Records contained in a dataset:
Content starts
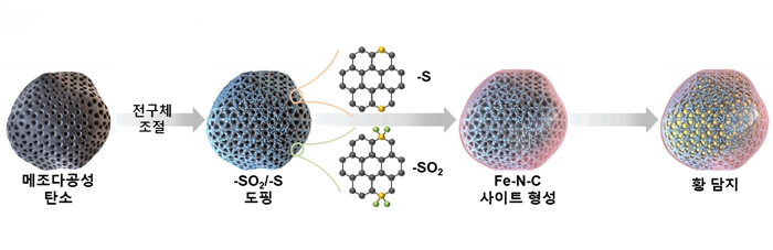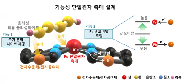 이진우 교수 연구팀은 이번 연구를 통해 리튬 폴리 설파이드의 용해 현상과 전기화학 전환 반응성을 대폭 향상할 수 있는 철(Fe) 원자 기반의 기능성 양극 소재를 개발하는 데 성공했다. 연구팀은 최적화된 전자구조를 지닌 철 원자 기반 기능성 소재를 양극에 도입했다. 이로써 리튬 폴리 설파이드의 용해 현상을 효율적으로 억제할 수 있는 효과뿐만 아니라 리튬 폴리 설파이드가 불용성의 리튬 설파이드로 전환될 수 있는 반응성 또한 개선할 수 있었다. 더불어 전지 내부에 소량의 전해액 양을 사용하더라도 높은 가역 용량, 구동 전압, 그리고 수명 안정성을 구현할 수 있었다.
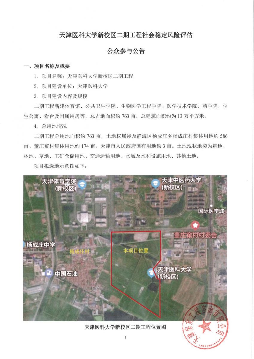 天津醫(yī)科大學(xué)新校區(qū)二期工程社會穩(wěn)定風(fēng)險評估公眾參與公告
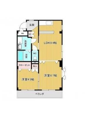 保証金1ヶ月 / 償 却10割間取り 2LDK / 58.08入居日 即 可
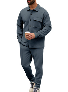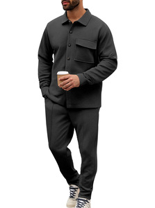 欧美跨境亚马逊秋冬季休闲男翻领长袖上衣开衫单排扣纯色修身夹克
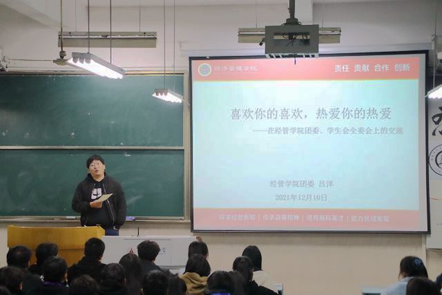 团委、员工会主席团成员依次上台发言。他们对各分管部门工作进行总结,分享了自身工作的经验建议,并对团委、员工会全体成员成长给出具体意见建议。
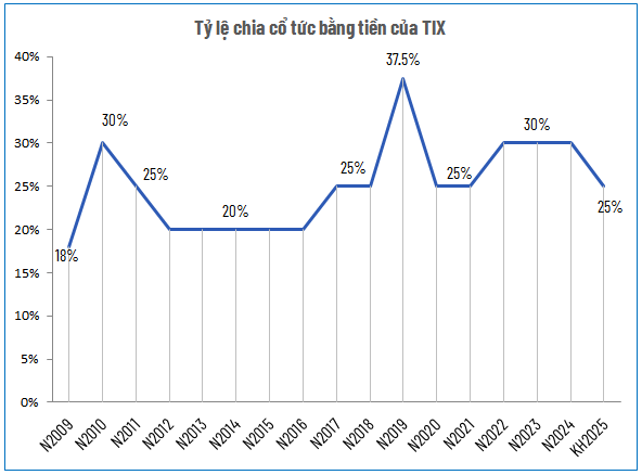 TIX là doanh nghiệp có lịch sử chia cổ tức đều đặn suốt 17 năm liên tiếp. Năm 2019, tỷ lệ cổ tức đạt mức cao nhất là 37.5%. Trong giai đoạn 2022-2024, Công ty duy trì tỷ lệ 30%, trước khi điều chỉnh nhẹ còn 25% cho năm 2025 do kế hoạch doanh thu và lợi nhuận sau thuế giảm nhẹ lần lượt 4% và 7%, xuống khoảng 256 tỷ đồng và 98 tỷ đồng.
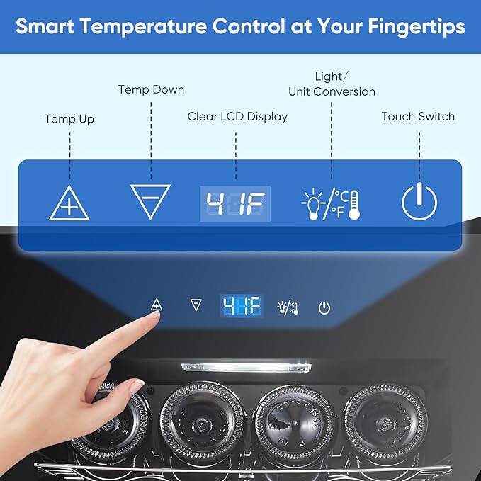 - USER-FRIENDLY DIGITAL TEMPERATURE CONTROL - Designed with an intuitive digital control panel and LCD, this wine fridge allows precise temperature adjustments without opening the door. The clear display shows the current temperature setting, helping reduce temperature fluctuations and maintain a stable internal environment
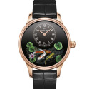 这款匠心独具的热带风情报时鸟三问表呈现苍翠繁茂的自然景象,近景处一只绿孔雀悠然独立,悠然开合尾屏。此百鸟之王见诸于中国众多神话传说与经典诗画之中,象征着德行操守、道义公正、慈怀仁善。远景处一只蜂鸟在瀑布前跃跃欲动,其翅膀每秒钟可扇动四十次,模拟自然界中的真实蜂鸟飞行状态。巨嘴鸟、蜻蜓等活动元素亦赋予动态场景栩栩逼真感。
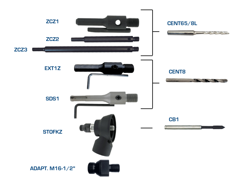 A range of dust extraction adaptors to fit different machines to reduce dust while drilling.
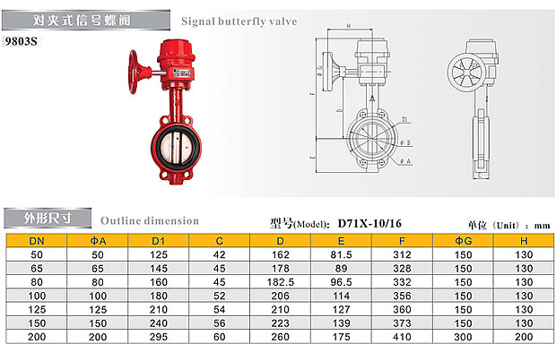 9803S (D71X-10/16) 对夹式信号蝶阀
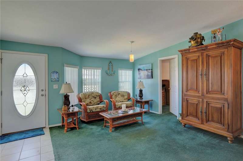 Live the Barefoot Bay lifestyle in this beautifully landscaped 3BR/2BA, 1687 sqft home! Built in 2003, this home offers split bedrooms, an in-unit laundry with cabinets for extra storage, a sunny Florida room, a large eat-in kitchen, outdoor patio, and a 2 car garage. Updates include a 2021 roof, 2023 A/C, 2015 HW heater, and 2014 tie downs & vapor barrier. Enjoy endless fun w/ 3 pools, golf, tennis, pickleball, basketball, clubhouse, beach access, and community dock-perfect for entertaining, staying active, and soaking up Florida's relaxed, resort-style living! Rmsize approx & subj to err.
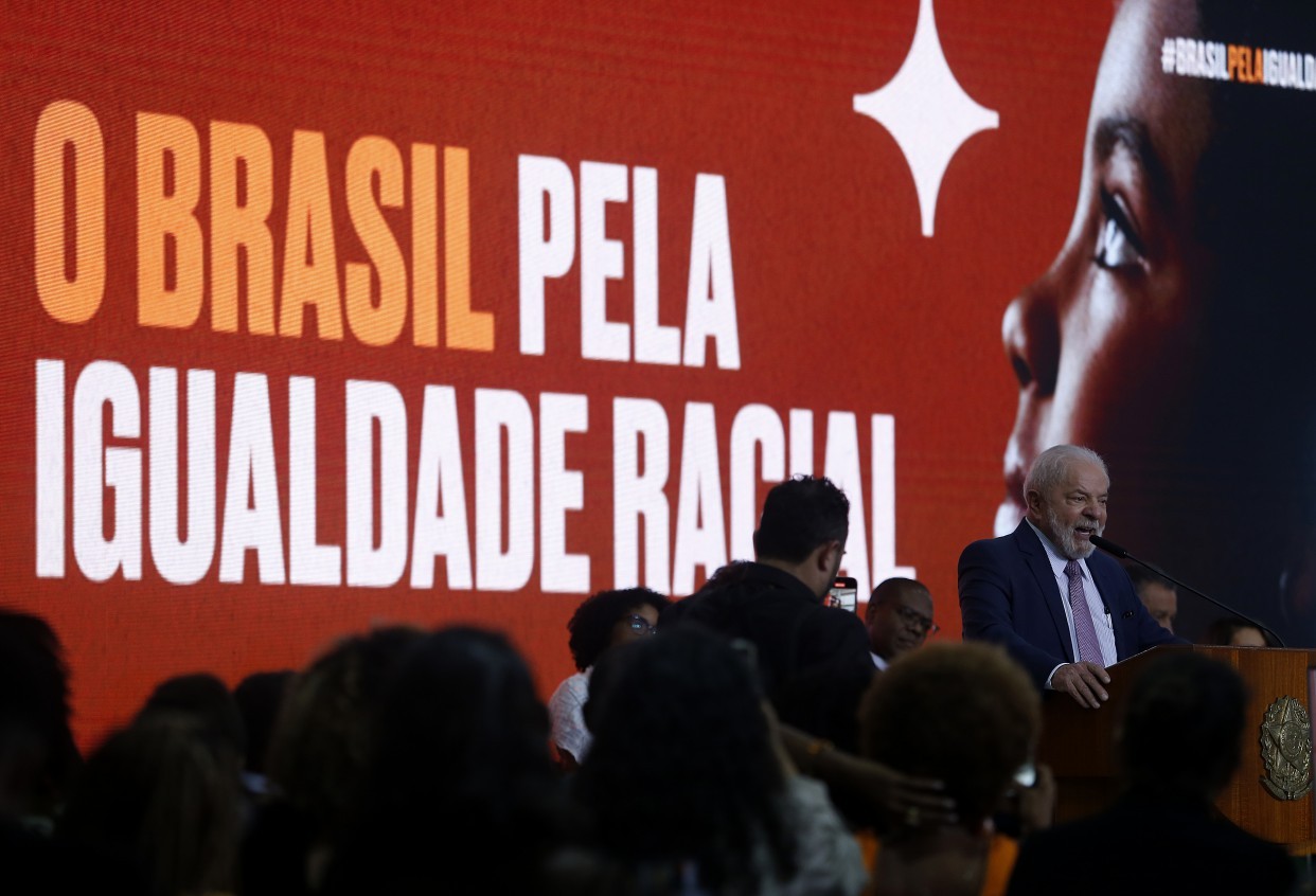 Lula durante solenidade sobre políticas de igualdade racial no Brasil — Foto: Cristiano Mariz
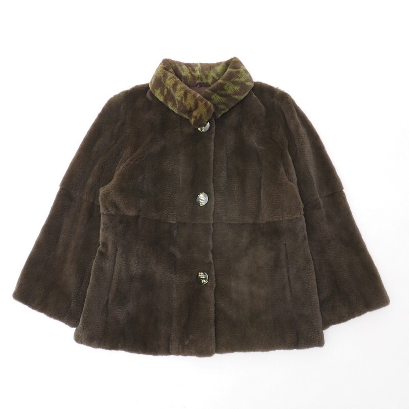 > MI2174★ジョセフィーヌ リアルシェアードファー 襟:総柄 装飾釦 ショート丈コート ファージャケット カーキブラウン レディース サイズ9
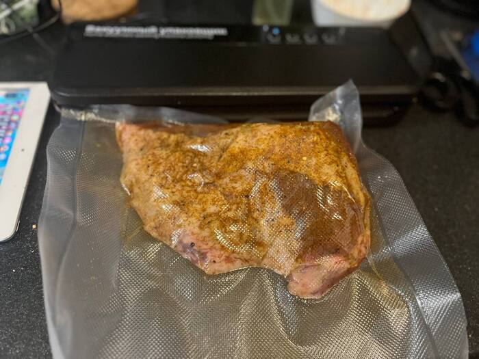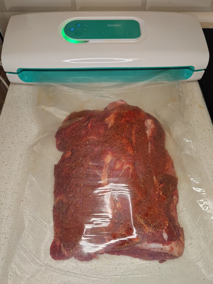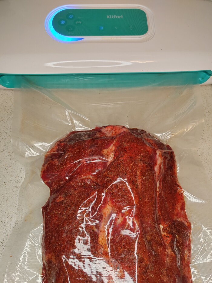 Натираем полученные куски смесью солей и специй и вакуумируем, согласно инструкции к вакууматору, убираем в холодильник на 3-5 дней, в моем случае 4 дня было идеально. 1-2 раза в день, мясо в пакете лучше переворачивать, но не критично, если забудете.
Content ends
What is expected: Look above for the line with "团委、员工会主席团成员依次上" and the line with "TIX là doanh", then restate exactly those two lines and all lines between them, with no pictures.

Result of the exercise:
 团委、员工会主席团成员依次上台发言。他们对各分管部门工作进行总结,分享了自身工作的经验建议,并对团委、员工会全体成员成长给出具体意见建议。
 TIX là doanh nghiệp có lịch sử chia cổ tức đều đặn suốt 17 năm liên tiếp. Năm 2019, tỷ lệ cổ tức đạt mức cao nhất là 37.5%. Trong giai đoạn 2022-2024, Công ty duy trì tỷ lệ 30%, trước khi điều chỉnh nhẹ còn 25% cho năm 2025 do kế hoạch doanh thu và lợi nhuận sau thuế giảm nhẹ lần lượt 4% và 7%, xuống khoảng 256 tỷ đồng và 98 tỷ đồng.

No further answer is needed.